Thus, instead of marveling at the fact that Providence allows such a great variety of religions, we should be amazed at the number of common elements found within them.

At this point it would be helpful to recall all the primitive religions, the animistic religions which stress ancestor worship. It seems that those who practice them are particularly close to Christianity, and among them, the Church's missionaries also find it easier to speak a common language. Is there, perhaps, in this veneration of ancestors a kind of preparation for the Christian faith in the Communion of Saints, in which all believers-whether living or dead-form a single community, a single body? And faith in the Communion of Saints is, ultimately, faith in Christ, who alone is the source of life and of holiness for all. There is nothing strange, then, that the African and Asian animists would become believers in Christ more easily than followers of the great religions of the Far East.

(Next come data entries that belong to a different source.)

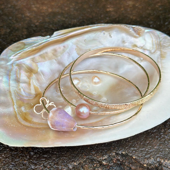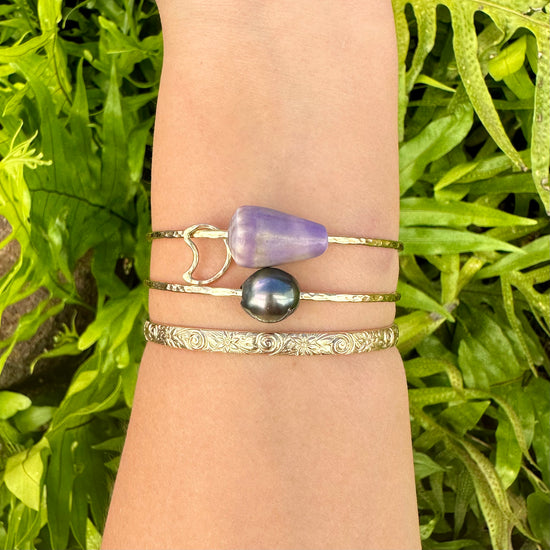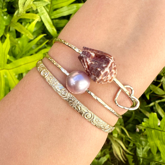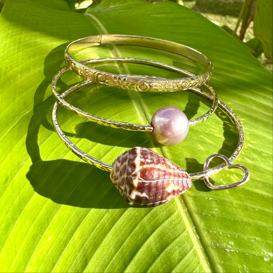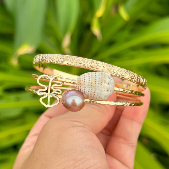A uʻi combination of bangles youʻll never want to take off! From the stunning pearl and handpicked shell, all the way to the beautifully designed Kaʻiulani bangle. You will fall in love every time you look at this stack!
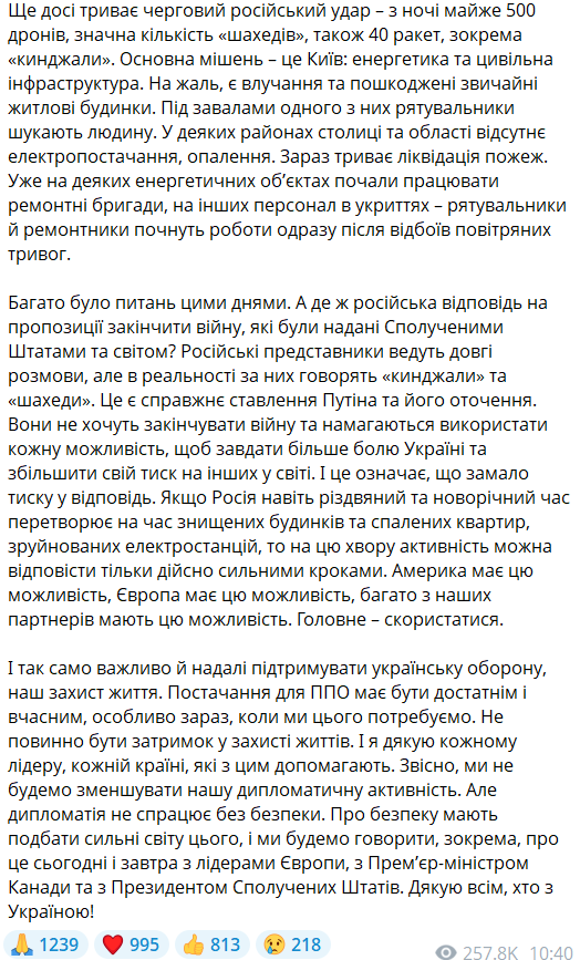 На некоторых энергетических объектах уже начали работать ремонтные бригады, на других персонал находится в укрытиях. Ремонтные и спасательные работы будут продолжены сразу после окончания воздушных тревог, сообщил президент.
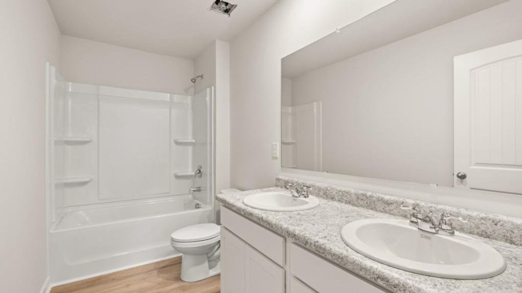 Introducing 3033 Manor Hill Place a two-story home in our Union City, GA community of Pointe Park. This Robie floorplan home features 5 bedrooms and 3 bathrooms, plus a 2-car garage in 2,361 square feet. Through the front door, a foyer will welcome guests passed the stairway into the main living area. The open family room allows room for a dining table to enjoy meals with loved ones or to relax after a hard day's work in front of the gas fireplace. A large island separates the kitchen from the living area providing space to enjoy a quick meal or prepare food for the family. The kitchen is well equipped with white shaker style cabinets with soft close doors, granite countertops, stainless-steel appliances, and a walk-in pantry. A spare bedroom and bathroom sit off the kitchen. Once you head upstairs, you are greeted by an open loft area that allows easy access to the 4 remaining bedrooms in the house, including the primary suite. The primary bedroom offers rest and relaxation with the deluxe bathroom featuring dual vanity, walk-in closet, and separate soaking tub and walk-in shower. Homeowners will enjoy easy access to the laundry room on the second floor, right outside the primary suite. If 3033 Manor Hill Place sounds like your dream home, call our listing agents at Pointe Park to make it yours!
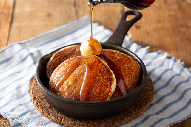 「釜焼きフレンチパンケーキ」は、一度焼いたパンケーキを生クリームアパレイユにつけ込んでから、オーブンで焼きあげ、メープルシロップとバターがとろける“濃厚な一皿”となっています。
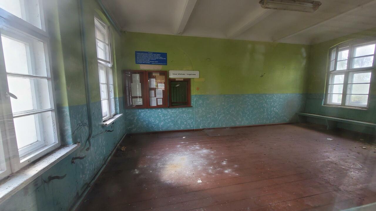 Wnętrze budynku dworca Rogalice.
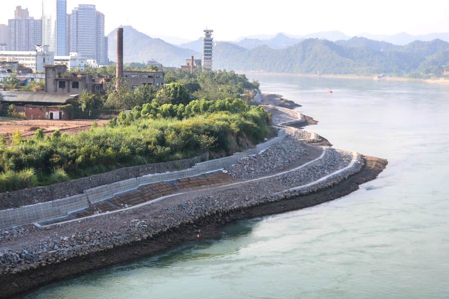 8月15日,湖北宜昌,长江宜昌段岸线滩涂清晰可见。图源 央视新闻
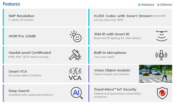 VIVOTEK Smart VCA offers precise object tracking, detects specified abnormal behavior, and provides detailed video analytics for targeted monitoring and real-time alarm.
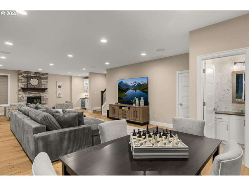 HUGE TURF BACKYARD & GREENSPACE VIEWS! Rare opportunity to own a quality Noyes built home on oversized lot w/ a 3-Car Wide Garage! Privately positioned on a quiet street in NW Bethany/Bonny Slope neighborhoods with TOP RATED SCHOOLS. This stunning 6-bedroom home sits along protected greenspace offering gorgeous views and privacy and has over $220,000 of builder options included. Designed and built by award-winning local builder Peter Noyes as his personal residence, every inch of this 4,342 sq. ft. home reflects timeless craftsmanship, thoughtful design, and high-performance living. The open-concept main level is anchored by a chef’s kitchen with Dacor appliances, a Miele coffee maker, dual wine fridges, and a massive prep island—perfect for entertaining. The two-story great room features floor-to-ceiling windows, built-ins, and a cozy fireplace that invites you to settle in and stay awhile. Downstairs, the expansive family room offers the ultimate hangout space, complete with a full bar, billiards area, ice maker, and built-in surround sound for movie nights or game days.The primary suite is a true retreat, featuring a spa-like bath with a freestanding soaking tub, heated floors, and peaceful views of the trees beyond. Additional bedrooms offer flexibility for guests, home offices, or multigenerational living. Step outside to a covered outdoor living area with skylights, built-in heaters, and a gas BBQ hookup. The deck spans the entire width of the home, offering plenty of room to dine, lounge, and entertain while taking in the treetop views. Below, the huge, low-maintenance yard is surrounded by artificial turf and extensive landscape lighting—perfect for evenings under the stars .Tech-forward and thoughtfully built, this home includes Control4 automation, a commercial-grade Wi-Fi system, whole-home water softener, built-in central vac. BONUS... hot tub, TVs, window coverings, appliances and garage storage ALL STAY! This home is 100% Turn-Key Ready!
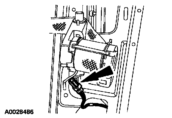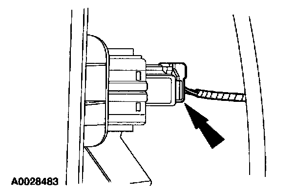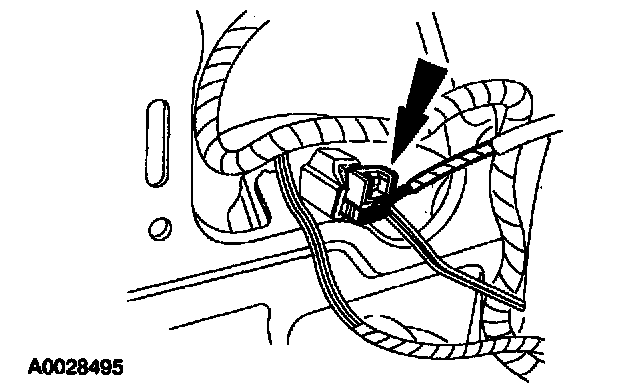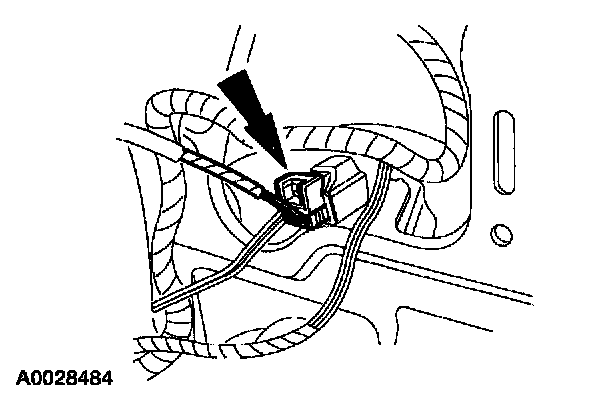 12. Remove the restraint system diagnostic tool from the passenger side safety belt retractor pretensioner floor electrical connector.

As the Council also noted, these last religions possess the characteristics of a system. They are systems of worship and also ethical systems, with a strong emphasis on good and evil. Certainly among these belong Chinese Confucianism and Taoism: Tao means eternal truth-something similar to the "Word"-which is reflected in the action of man by means of truth and moral good. The religions of the Far East have contributed greatly to the history of morality and culture, forming a national identity in the Chinese, Indians, Japanese, and Tibetans, and also in the peoples of Southeast Asia and the archipelagoes of the Pacific Ocean.

Some of these peoples come from age-old cultures. The indigenous peoples of Australia boast a history tens of thousands of years old, and their ethnic and religious tradition is older than that of Abraham and Moses.

Christ came into the world for all these peoples. He redeemed them all and has His own ways of reaching each of them in the present eschatological phase of salvation history. In fact, in those regions, many accept Him and many more have an implicit faith in Him (cf. Heb 11:6).

Truth, in fact, cannot be confined. Truth is for one and for all. And if this truth comes about through love (cf. Eph 3:15), then it becomes even more universal..." 

*-from Crossing the Threshold of Hope, by Pope John Paul II* 



_Much love to you my dear Sikh brother! _


----------



## Ambarsaria (Feb 23, 2012)

Vouthon said:


> Here the Council document brings us to the Far East-first of all to Asia...Mahatma Gandhi, Indian and Hindu, pointed this out many times, in his deeply evangelical manner. He was disillusioned with the ways in which Christianity was expressed in the political and social life of nations. Could a man who fought for the liberation of his great nation from colonial dependence accept Christianity in the same form as it had been imposed on his country by those same colonial powers?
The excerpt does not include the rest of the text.